**EXERCISE REQUIREMENTS**: After locating the line containing "卢微展示了自己优异的学业成绩", restate that line and each one after it exactly, through the last line of the material.

Start of AVAILABLE DATA

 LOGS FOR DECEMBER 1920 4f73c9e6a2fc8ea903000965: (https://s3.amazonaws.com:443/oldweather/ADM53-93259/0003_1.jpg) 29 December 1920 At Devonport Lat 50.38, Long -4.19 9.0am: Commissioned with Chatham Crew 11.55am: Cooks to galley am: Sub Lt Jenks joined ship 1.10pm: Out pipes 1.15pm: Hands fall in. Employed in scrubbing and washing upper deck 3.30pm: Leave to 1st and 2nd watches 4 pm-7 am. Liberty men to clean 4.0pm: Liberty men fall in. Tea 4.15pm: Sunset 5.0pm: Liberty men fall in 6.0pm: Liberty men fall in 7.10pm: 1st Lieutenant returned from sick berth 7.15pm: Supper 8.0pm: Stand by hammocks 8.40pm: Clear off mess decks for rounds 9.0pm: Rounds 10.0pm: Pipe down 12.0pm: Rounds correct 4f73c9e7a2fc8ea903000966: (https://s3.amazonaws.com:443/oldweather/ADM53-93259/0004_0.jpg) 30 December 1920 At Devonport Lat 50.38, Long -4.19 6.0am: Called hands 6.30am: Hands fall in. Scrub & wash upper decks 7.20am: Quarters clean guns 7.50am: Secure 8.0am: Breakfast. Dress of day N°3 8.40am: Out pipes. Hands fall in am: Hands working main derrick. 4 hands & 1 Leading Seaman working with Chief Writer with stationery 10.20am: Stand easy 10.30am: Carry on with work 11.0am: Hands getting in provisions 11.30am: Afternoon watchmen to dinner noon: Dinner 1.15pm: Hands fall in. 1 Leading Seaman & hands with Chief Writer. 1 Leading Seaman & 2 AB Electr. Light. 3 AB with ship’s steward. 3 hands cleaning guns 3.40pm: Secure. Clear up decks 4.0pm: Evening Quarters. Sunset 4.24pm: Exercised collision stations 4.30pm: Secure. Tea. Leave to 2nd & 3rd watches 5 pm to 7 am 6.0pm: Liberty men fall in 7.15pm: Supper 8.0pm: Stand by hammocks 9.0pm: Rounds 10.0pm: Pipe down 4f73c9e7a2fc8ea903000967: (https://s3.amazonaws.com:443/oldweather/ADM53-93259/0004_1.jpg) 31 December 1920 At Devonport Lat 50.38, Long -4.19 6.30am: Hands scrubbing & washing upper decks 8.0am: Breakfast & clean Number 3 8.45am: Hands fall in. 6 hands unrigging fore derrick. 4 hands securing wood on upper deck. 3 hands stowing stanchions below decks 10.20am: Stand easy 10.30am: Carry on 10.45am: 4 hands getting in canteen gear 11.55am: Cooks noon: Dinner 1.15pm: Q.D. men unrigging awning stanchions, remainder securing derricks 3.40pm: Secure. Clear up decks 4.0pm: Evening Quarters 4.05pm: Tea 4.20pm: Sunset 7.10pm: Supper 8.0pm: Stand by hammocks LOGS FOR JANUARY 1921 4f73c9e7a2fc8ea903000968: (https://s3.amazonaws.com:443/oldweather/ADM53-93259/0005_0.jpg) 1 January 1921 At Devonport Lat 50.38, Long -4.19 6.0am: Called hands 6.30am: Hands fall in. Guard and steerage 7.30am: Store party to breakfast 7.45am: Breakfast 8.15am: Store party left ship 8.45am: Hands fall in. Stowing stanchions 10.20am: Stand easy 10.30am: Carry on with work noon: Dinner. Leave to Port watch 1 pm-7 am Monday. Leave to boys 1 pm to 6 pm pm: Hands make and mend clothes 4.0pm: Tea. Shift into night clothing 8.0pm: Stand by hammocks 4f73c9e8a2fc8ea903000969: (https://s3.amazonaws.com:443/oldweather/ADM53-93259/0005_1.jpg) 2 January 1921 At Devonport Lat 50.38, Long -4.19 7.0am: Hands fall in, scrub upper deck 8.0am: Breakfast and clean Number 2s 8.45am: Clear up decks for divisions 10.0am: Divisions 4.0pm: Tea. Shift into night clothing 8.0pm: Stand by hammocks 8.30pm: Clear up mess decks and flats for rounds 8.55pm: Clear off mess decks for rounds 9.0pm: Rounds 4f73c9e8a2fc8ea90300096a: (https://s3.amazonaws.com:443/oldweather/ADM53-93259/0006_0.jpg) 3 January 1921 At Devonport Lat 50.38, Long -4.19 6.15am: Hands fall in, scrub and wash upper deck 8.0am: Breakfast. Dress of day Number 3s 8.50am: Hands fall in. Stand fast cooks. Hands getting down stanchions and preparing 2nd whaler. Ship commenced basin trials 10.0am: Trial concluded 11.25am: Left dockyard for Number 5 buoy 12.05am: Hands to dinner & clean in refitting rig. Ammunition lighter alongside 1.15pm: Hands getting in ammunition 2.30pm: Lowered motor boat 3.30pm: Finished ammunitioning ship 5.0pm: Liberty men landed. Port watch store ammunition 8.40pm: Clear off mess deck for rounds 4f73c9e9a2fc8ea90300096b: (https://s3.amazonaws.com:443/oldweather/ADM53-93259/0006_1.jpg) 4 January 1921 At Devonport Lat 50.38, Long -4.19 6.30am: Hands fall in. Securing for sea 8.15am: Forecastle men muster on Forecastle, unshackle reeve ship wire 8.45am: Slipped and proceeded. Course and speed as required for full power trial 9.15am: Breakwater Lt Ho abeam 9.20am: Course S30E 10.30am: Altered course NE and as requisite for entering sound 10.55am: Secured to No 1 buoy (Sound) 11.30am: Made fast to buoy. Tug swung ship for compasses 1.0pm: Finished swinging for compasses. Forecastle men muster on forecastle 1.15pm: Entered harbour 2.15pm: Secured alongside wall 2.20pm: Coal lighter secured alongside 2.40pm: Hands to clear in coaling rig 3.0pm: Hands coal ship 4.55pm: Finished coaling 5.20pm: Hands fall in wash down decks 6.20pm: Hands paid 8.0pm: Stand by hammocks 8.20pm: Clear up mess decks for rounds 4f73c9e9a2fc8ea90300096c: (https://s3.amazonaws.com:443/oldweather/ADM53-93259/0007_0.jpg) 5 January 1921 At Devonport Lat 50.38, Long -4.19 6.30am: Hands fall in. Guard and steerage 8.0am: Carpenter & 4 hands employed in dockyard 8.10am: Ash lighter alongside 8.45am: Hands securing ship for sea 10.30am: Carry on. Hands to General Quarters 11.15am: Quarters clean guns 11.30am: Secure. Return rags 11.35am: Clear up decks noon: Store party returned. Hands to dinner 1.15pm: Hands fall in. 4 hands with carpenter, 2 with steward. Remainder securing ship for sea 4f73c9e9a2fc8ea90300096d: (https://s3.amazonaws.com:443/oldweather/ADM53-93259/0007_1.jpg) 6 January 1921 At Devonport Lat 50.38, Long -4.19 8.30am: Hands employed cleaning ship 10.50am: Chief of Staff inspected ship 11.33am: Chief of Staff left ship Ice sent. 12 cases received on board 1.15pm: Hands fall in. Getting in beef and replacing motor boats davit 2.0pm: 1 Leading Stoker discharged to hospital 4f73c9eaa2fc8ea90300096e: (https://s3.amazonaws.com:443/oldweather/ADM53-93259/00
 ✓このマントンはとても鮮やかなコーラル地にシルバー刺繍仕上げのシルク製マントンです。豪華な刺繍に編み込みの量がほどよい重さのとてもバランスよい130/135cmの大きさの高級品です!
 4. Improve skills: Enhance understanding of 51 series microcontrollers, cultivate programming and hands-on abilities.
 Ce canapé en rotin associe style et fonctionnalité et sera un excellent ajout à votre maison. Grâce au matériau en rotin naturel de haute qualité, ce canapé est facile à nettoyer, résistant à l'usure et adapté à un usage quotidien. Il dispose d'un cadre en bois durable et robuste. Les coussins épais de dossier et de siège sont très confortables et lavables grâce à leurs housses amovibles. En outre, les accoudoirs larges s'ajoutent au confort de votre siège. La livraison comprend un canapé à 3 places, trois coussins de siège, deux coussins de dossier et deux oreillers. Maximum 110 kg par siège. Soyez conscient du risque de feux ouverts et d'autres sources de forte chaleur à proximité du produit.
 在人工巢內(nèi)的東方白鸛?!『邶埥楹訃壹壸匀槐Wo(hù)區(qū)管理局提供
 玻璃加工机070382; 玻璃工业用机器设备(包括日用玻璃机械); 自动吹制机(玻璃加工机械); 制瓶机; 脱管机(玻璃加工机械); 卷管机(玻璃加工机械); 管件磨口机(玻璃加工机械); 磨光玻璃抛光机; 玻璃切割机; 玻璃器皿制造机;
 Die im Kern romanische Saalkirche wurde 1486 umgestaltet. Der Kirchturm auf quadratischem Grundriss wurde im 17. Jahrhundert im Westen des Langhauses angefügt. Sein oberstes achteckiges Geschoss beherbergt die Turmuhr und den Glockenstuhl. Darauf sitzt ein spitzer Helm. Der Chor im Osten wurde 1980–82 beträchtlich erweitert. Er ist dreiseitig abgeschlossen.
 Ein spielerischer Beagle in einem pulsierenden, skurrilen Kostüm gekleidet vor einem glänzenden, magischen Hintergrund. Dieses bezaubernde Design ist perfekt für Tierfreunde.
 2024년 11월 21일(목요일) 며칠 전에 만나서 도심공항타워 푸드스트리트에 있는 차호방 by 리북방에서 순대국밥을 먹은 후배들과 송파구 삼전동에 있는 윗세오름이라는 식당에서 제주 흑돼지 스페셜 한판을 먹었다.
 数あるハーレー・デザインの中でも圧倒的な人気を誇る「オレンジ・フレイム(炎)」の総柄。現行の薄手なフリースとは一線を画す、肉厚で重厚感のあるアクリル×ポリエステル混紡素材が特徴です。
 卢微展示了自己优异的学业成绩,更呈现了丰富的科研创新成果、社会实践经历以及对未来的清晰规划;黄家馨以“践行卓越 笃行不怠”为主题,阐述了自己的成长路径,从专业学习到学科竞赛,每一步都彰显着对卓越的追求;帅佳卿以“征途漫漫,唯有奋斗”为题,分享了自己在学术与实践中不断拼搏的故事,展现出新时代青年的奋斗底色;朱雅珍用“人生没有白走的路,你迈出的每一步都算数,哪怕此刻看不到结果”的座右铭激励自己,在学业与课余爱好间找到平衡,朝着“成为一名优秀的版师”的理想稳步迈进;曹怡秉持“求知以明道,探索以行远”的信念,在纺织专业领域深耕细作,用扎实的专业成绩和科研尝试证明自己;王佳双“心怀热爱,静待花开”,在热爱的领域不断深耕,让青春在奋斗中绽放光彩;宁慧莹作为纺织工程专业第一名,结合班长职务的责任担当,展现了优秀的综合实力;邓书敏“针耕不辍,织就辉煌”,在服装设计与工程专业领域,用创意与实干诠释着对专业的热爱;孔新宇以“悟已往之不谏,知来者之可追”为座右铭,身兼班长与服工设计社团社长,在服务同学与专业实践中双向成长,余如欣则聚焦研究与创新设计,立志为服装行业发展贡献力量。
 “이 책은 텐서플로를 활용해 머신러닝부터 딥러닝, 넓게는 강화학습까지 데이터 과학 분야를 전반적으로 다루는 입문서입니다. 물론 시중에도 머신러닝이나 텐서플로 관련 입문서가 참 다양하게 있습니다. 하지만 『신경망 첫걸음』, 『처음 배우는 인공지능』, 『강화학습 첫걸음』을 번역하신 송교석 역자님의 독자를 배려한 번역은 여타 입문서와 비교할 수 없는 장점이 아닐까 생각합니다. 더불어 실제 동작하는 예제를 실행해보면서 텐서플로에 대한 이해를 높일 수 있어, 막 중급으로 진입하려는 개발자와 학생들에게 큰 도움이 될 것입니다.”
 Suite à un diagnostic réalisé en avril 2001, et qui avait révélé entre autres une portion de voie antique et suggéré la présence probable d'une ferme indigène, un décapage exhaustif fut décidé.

End of AVAILABLE DATA

**SOLUTION TO THE EXERCISE**:
 卢微展示了自己优异的学业成绩,更呈现了丰富的科研创新成果、社会实践经历以及对未来的清晰规划;黄家馨以“践行卓越 笃行不怠”为主题,阐述了自己的成长路径,从专业学习到学科竞赛,每一步都彰显着对卓越的追求;帅佳卿以“征途漫漫,唯有奋斗”为题,分享了自己在学术与实践中不断拼搏的故事,展现出新时代青年的奋斗底色;朱雅珍用“人生没有白走的路,你迈出的每一步都算数,哪怕此刻看不到结果”的座右铭激励自己,在学业与课余爱好间找到平衡,朝着“成为一名优秀的版师”的理想稳步迈进;曹怡秉持“求知以明道,探索以行远”的信念,在纺织专业领域深耕细作,用扎实的专业成绩和科研尝试证明自己;王佳双“心怀热爱,静待花开”,在热爱的领域不断深耕,让青春在奋斗中绽放光彩;宁慧莹作为纺织工程专业第一名,结合班长职务的责任担当,展现了优秀的综合实力;邓书敏“针耕不辍,织就辉煌”,在服装设计与工程专业领域,用创意与实干诠释着对专业的热爱;孔新宇以“悟已往之不谏,知来者之可追”为座右铭,身兼班长与服工设计社团社长,在服务同学与专业实践中双向成长,余如欣则聚焦研究与创新设计,立志为服装行业发展贡献力量。
 “이 책은 텐서플로를 활용해 머신러닝부터 딥러닝, 넓게는 강화학습까지 데이터 과학 분야를 전반적으로 다루는 입문서입니다. 물론 시중에도 머신러닝이나 텐서플로 관련 입문서가 참 다양하게 있습니다. 하지만 『신경망 첫걸음』, 『처음 배우는 인공지능』, 『강화학습 첫걸음』을 번역하신 송교석 역자님의 독자를 배려한 번역은 여타 입문서와 비교할 수 없는 장점이 아닐까 생각합니다. 더불어 실제 동작하는 예제를 실행해보면서 텐서플로에 대한 이해를 높일 수 있어, 막 중급으로 진입하려는 개발자와 학생들에게 큰 도움이 될 것입니다.”
 Suite à un diagnostic réalisé en avril 2001, et qui avait révélé entre autres une portion de voie antique et suggéré la présence probable d'une ferme indigène, un décapage exhaustif fut décidé.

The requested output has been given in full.